Parser parser = new AutoDetectParser(); (or) Parser parser = new CompositeParser(); (or) object of any individual parsers given in Tika Library
Step 2 −
Create a handler class object. Given below are the three content handlers −
| Sr.No. | Class & Description |
|---|---|
| 1 |
BodyContentHandler This class picks the body part of the XHTML output and writes that content to the output writer or output stream. Then it redirects the XHTML content to another content handler instance. |
| 2 |
LinkContentHandler This class detects and picks all the H-Ref tags of the XHTML document and forwards those for the use of tools like web crawlers. |
| 3 |
TeeContentHandler This class helps in using multiple tools simultaneously. |
Since our target is to extract the text contents from a document, instantiate BodyContentHandler as shown below −
BodyContentHandler handler = new BodyContentHandler( );
Step 3 −
Create the Metadata object as shown below −
Metadata metadata = new Metadata();
Step 4 −
Create any of the input stream objects, and pass your file that should be extracted to it.
FileInputstream
Instantiate a file object by passing the file path as parameter and pass this object to the FileInputStream class constructor.
Note − The path passed to the file object should not contain spaces.
The problem with these input stream classes is that they dont support random access reads, which is required to process some file formats efficiently. To resolve this problem, Tika provides TikaInputStream.

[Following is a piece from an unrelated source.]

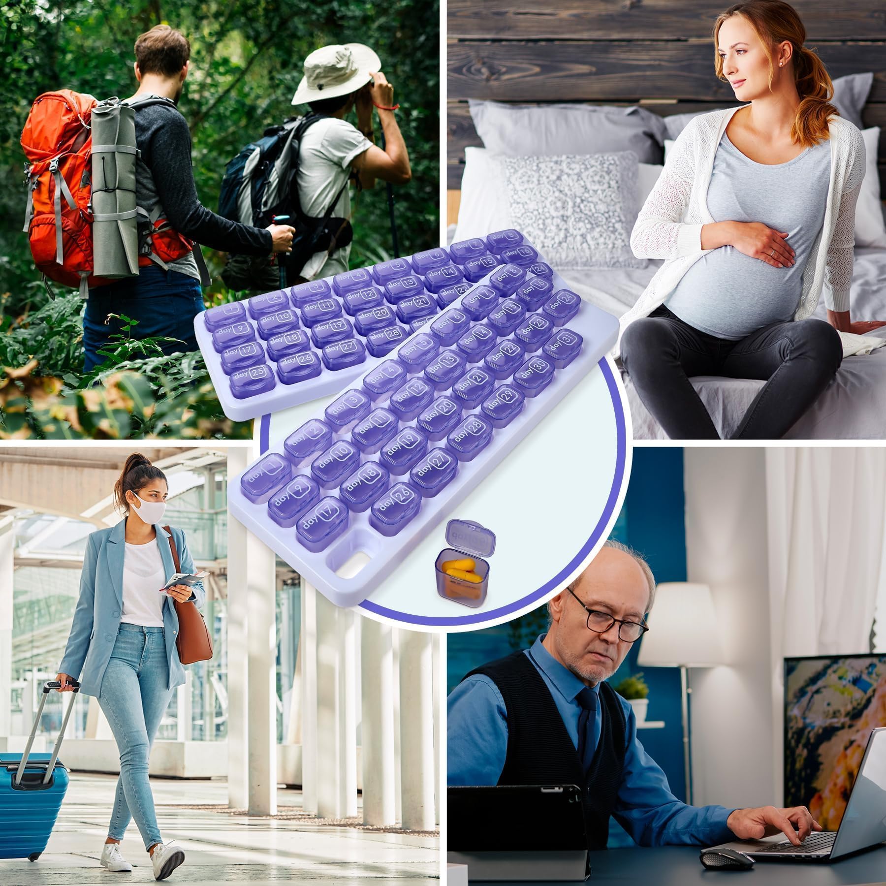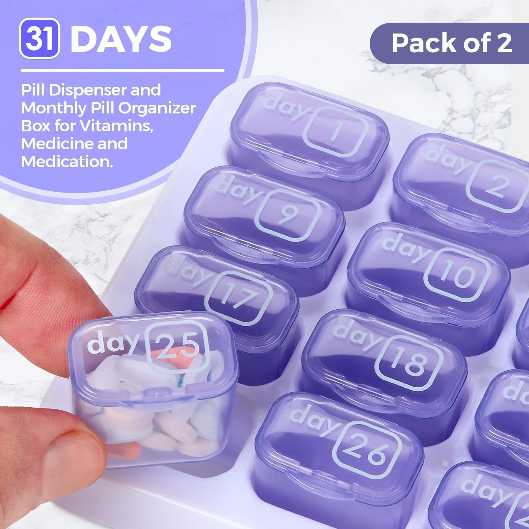 Monthly Pill Organizer - (Pack of 2) 31 Day Pill Organizer with Large Removable Medication Pods, Portable Pill Case Box and Holder for Daily Medicine and Vitamins for Travel, Purple
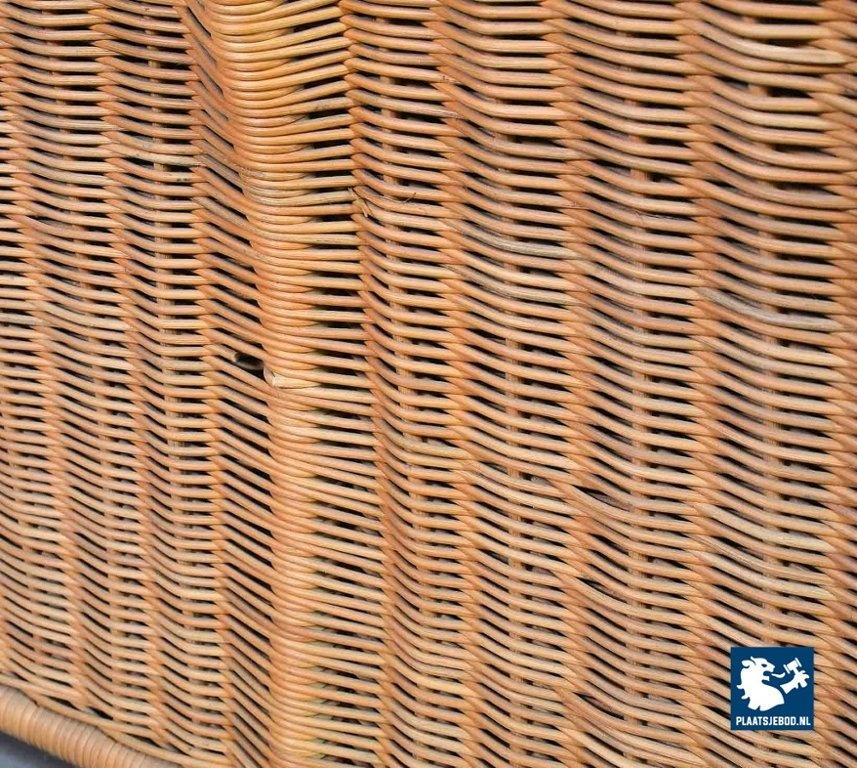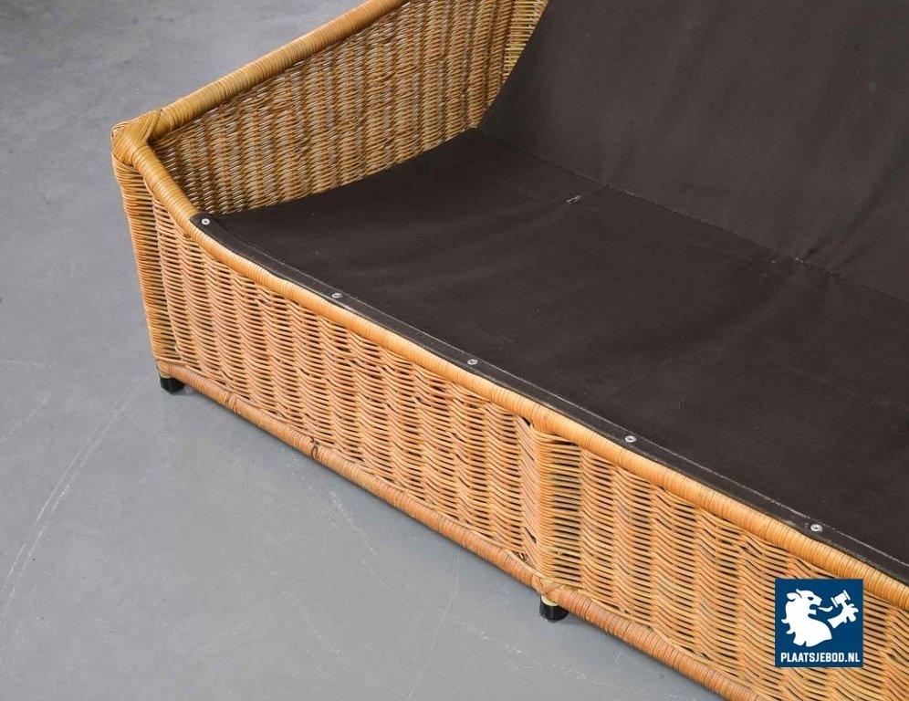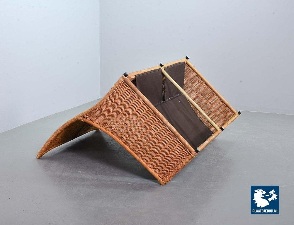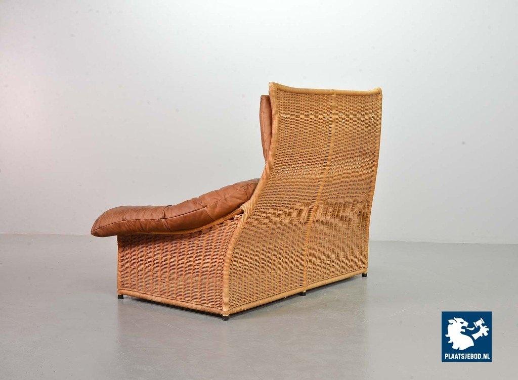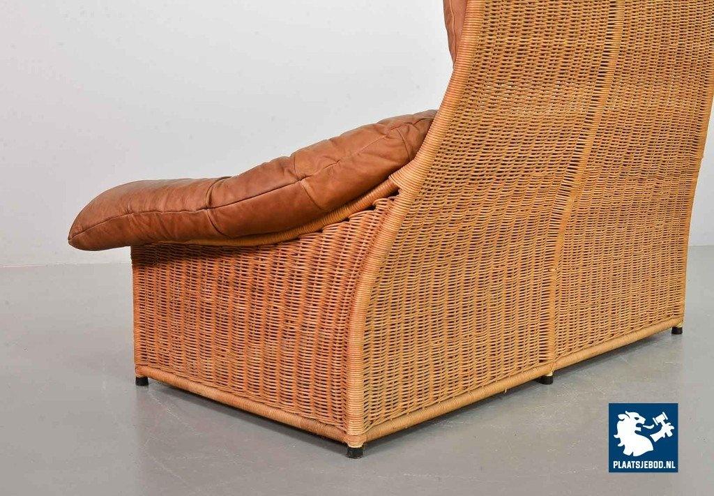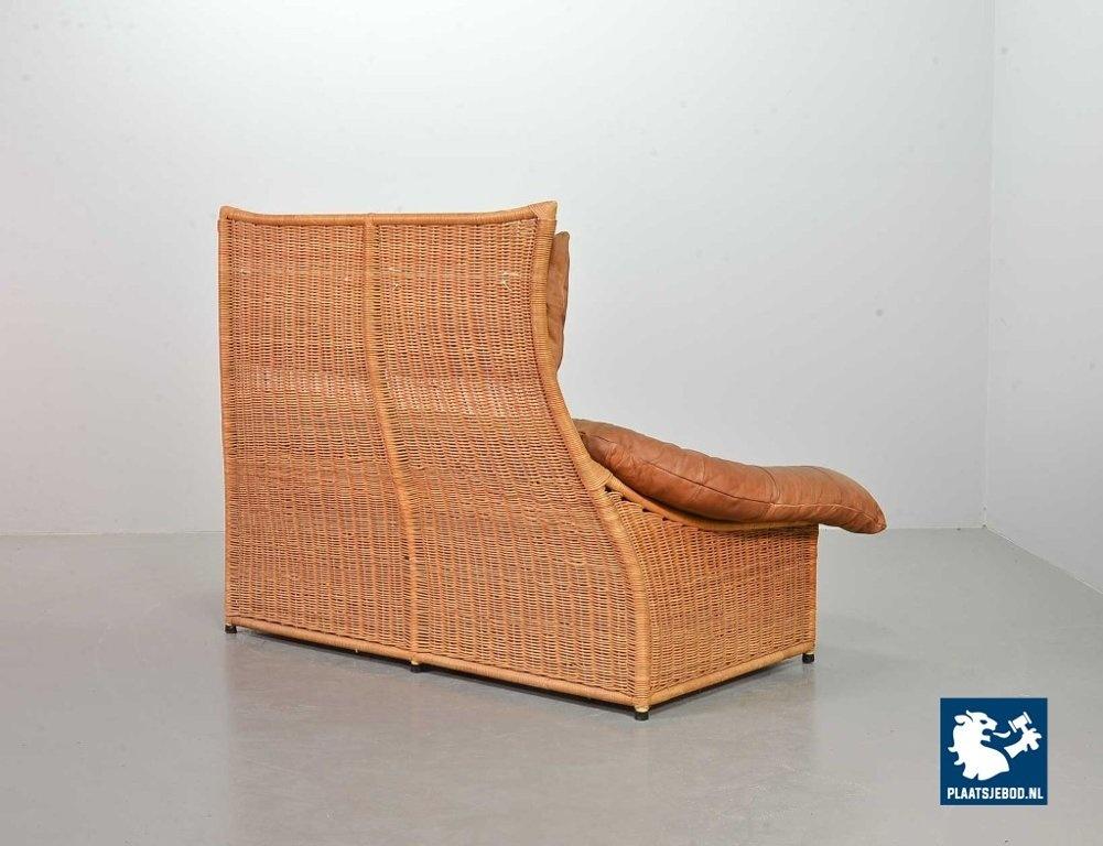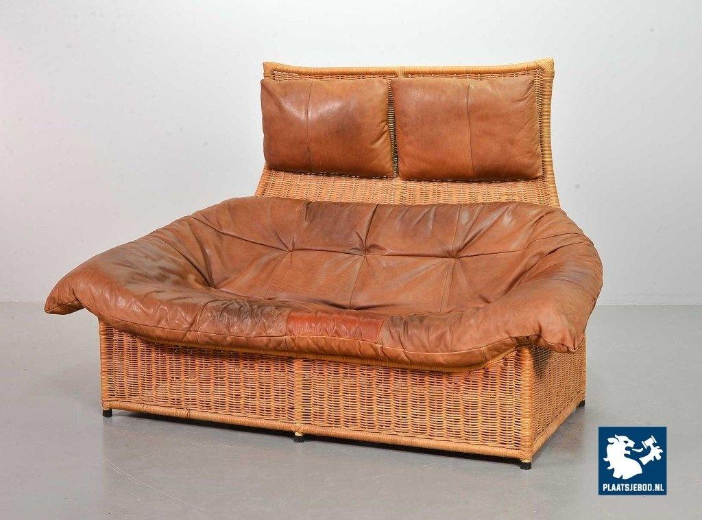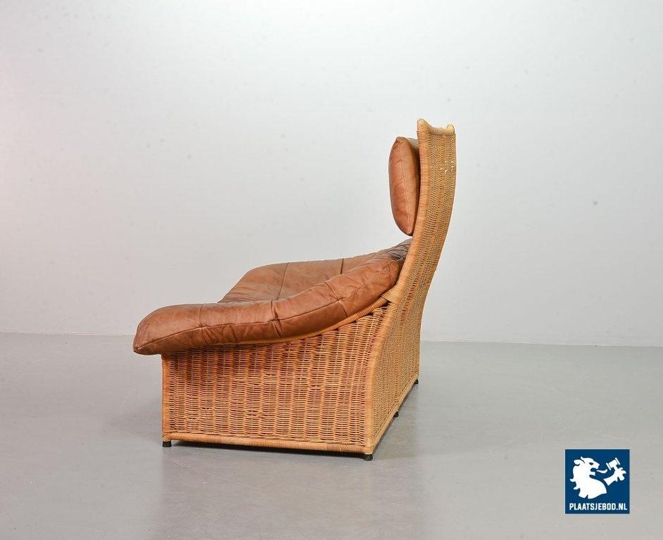 This very comfortable mid-century ‘Rock’ style sofa is attributed to Gerard van de Berg for Montis. The seating part with two headrest leather cushions is placed in a fancy cane frame. The patchwork leather shows a very nice patine. However one of the leather parts (on the front) has been professionally renewed, the sofa is in a well preserved condition with some wear consistent its age and use. The origin of this authentic 2-seater is Dutch and is manufactured in the 1970s. The sofa with its Bohemian look fits perfectly in an eclectic setting. Dimensions: Height: 110 cm, Width: 155 cm, Depth: 74 cm, Quantity: 1

File file = new File(filepath) FileInputStream inputstream = new FileInputStream(file); (or) InputStream stream = TikaInputStream.get(new File(filename));
Step 5 −
Create a parse context object as shown below −
ParseContext context =new ParseContext();
Step 6 −
Instantiate the parser object, invoke the parse method, and pass all the objects required, as shown in the prototype below −
parser.parse(inputstream, handler, metadata, context);
Given below is the program for content extraction using the parser interface −
TikaDemo.java
package com.tutorialspoint.tika;
import java.io.File;
import java.io.FileInputStream;
import java.io.IOException;
import org.apache.tika.exception.TikaException;
import org.apache.tika.metadata.Metadata;
import org.apache.tika.parser.AutoDetectParser;
import org.apache.tika.parser.ParseContext;
import org.apache.tika.parser.Parser;
import org.apache.tika.sax.BodyContentHandler;
import org.xml.sax.SAXException;
public class TikaDemo {
public static void main(final String[] args) throws IOException,SAXException, TikaException {
//Assume sample.txt is in your current directory
File file = new File("D:/projects/sample.txt");
//parse method parameters
Parser parser = new AutoDetectParser();
BodyContentHandler handler = new BodyContentHandler();
Metadata metadata = new Metadata();
FileInputStream inputstream = new FileInputStream(file);
ParseContext context = new ParseContext();
//parsing the file
parser.parse(inputstream, handler, metadata, context);
System.out.println("File content : " + handler.toString());
}
}
Output
Given below is the content of sample.txt
Hi students welcome to tutorialspoint
If you execute the above program, it will give you the following output −
File content : Hi students welcome to tutorialspoint